__Data excerpts__.
***
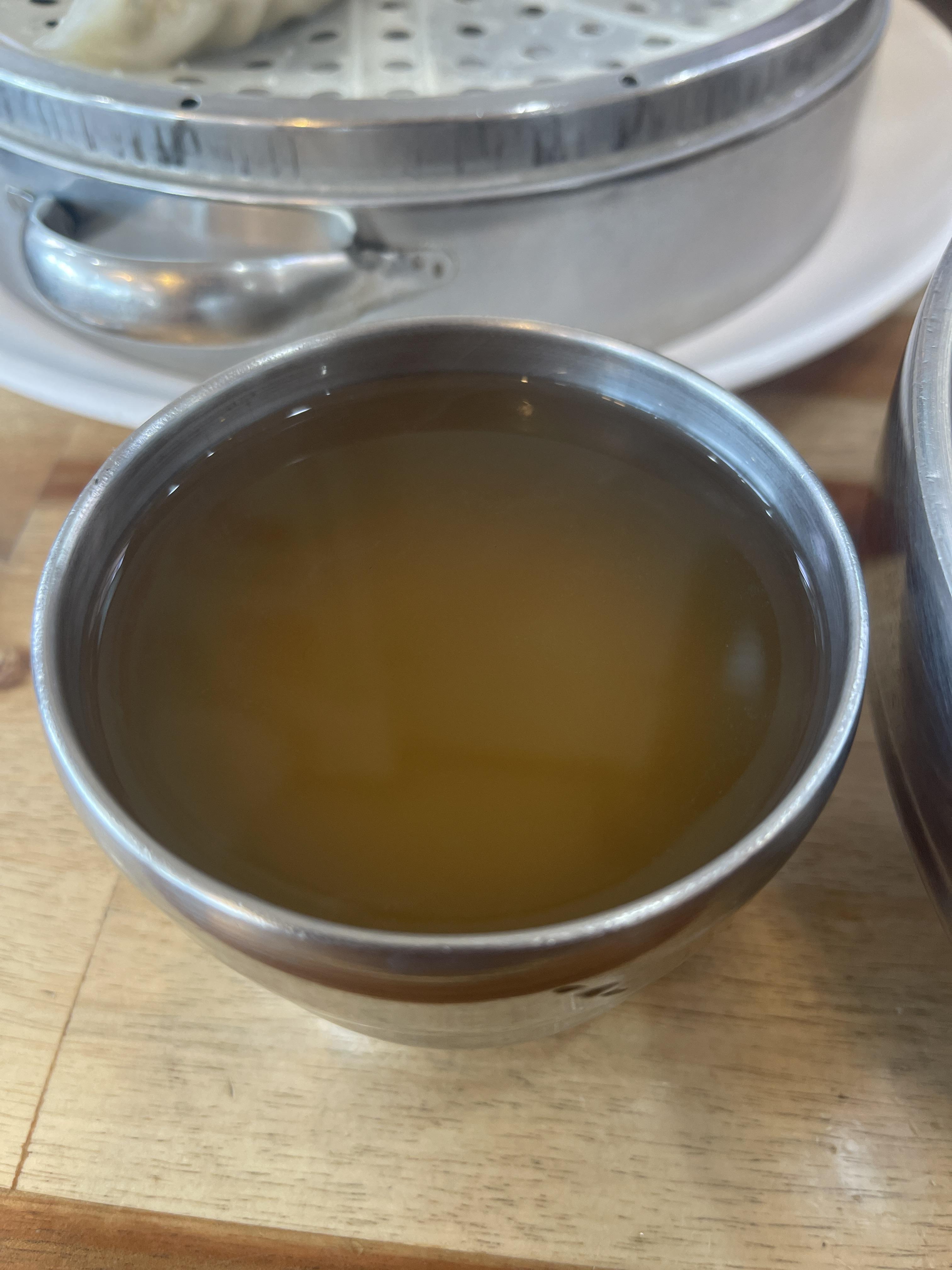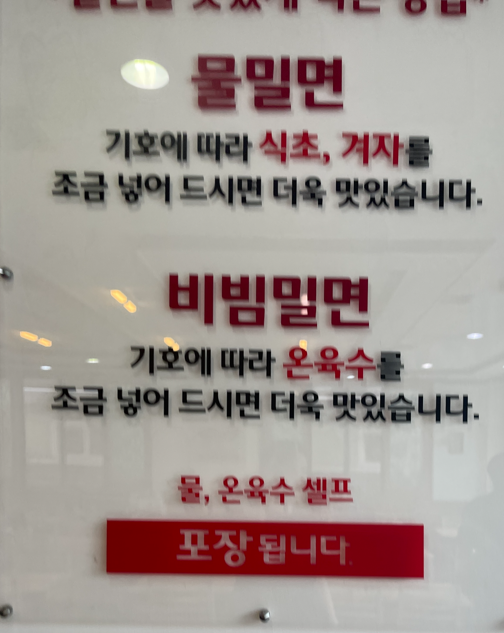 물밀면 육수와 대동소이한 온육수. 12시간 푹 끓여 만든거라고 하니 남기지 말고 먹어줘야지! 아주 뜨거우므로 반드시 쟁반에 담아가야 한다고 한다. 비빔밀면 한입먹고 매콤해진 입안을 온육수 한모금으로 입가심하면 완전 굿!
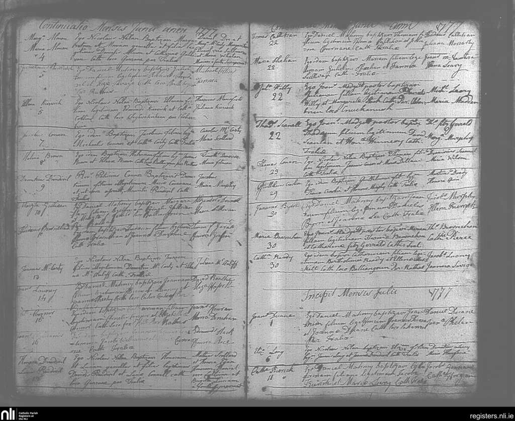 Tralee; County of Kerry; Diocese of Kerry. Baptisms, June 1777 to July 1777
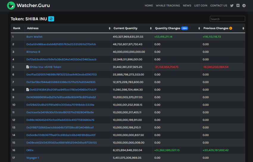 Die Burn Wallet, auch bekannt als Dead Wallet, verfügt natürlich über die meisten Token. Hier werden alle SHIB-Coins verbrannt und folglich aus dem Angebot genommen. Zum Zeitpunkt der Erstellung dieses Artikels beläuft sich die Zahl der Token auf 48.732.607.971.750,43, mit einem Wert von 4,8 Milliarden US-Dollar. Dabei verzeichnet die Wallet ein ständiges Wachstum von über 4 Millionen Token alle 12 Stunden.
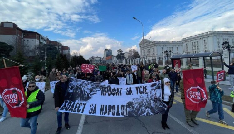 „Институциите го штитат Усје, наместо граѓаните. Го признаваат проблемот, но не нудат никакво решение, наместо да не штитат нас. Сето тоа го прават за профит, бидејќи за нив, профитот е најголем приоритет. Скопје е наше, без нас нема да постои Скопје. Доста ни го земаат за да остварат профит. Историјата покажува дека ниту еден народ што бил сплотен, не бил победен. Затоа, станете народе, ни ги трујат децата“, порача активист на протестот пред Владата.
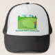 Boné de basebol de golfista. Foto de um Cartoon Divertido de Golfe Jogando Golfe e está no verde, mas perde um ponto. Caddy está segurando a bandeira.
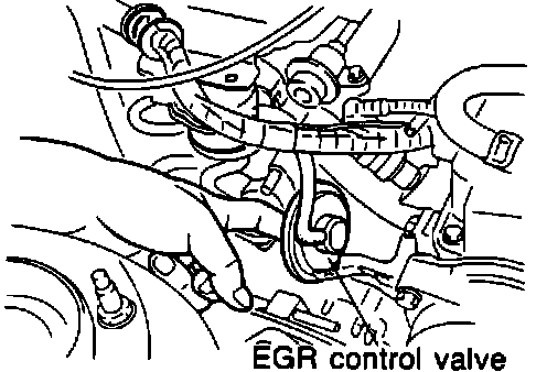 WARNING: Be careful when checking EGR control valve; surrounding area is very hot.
***
__What the task asks__. Print every entry verbatim and leave all pictures out.

__Expected answer__.
 물밀면 육수와 대동소이한 온육수. 12시간 푹 끓여 만든거라고 하니 남기지 말고 먹어줘야지! 아주 뜨거우므로 반드시 쟁반에 담아가야 한다고 한다. 비빔밀면 한입먹고 매콤해진 입안을 온육수 한모금으로 입가심하면 완전 굿!
 Tralee; County of Kerry; Diocese of Kerry. Baptisms, June 1777 to July 1777
 Die Burn Wallet, auch bekannt als Dead Wallet, verfügt natürlich über die meisten Token. Hier werden alle SHIB-Coins verbrannt und folglich aus dem Angebot genommen. Zum Zeitpunkt der Erstellung dieses Artikels beläuft sich die Zahl der Token auf 48.732.607.971.750,43, mit einem Wert von 4,8 Milliarden US-Dollar. Dabei verzeichnet die Wallet ein ständiges Wachstum von über 4 Millionen Token alle 12 Stunden.
 „Институциите го штитат Усје, наместо граѓаните. Го признаваат проблемот, но не нудат никакво решение, наместо да не штитат нас. Сето тоа го прават за профит, бидејќи за нив, профитот е најголем приоритет. Скопје е наше, без нас нема да постои Скопје. Доста ни го земаат за да остварат профит. Историјата покажува дека ниту еден народ што бил сплотен, не бил победен. Затоа, станете народе, ни ги трујат децата“, порача активист на протестот пред Владата.
 Boné de basebol de golfista. Foto de um Cartoon Divertido de Golfe Jogando Golfe e está no verde, mas perde um ponto. Caddy está segurando a bandeira.
 WARNING: Be careful when checking EGR control valve; surrounding area is very hot.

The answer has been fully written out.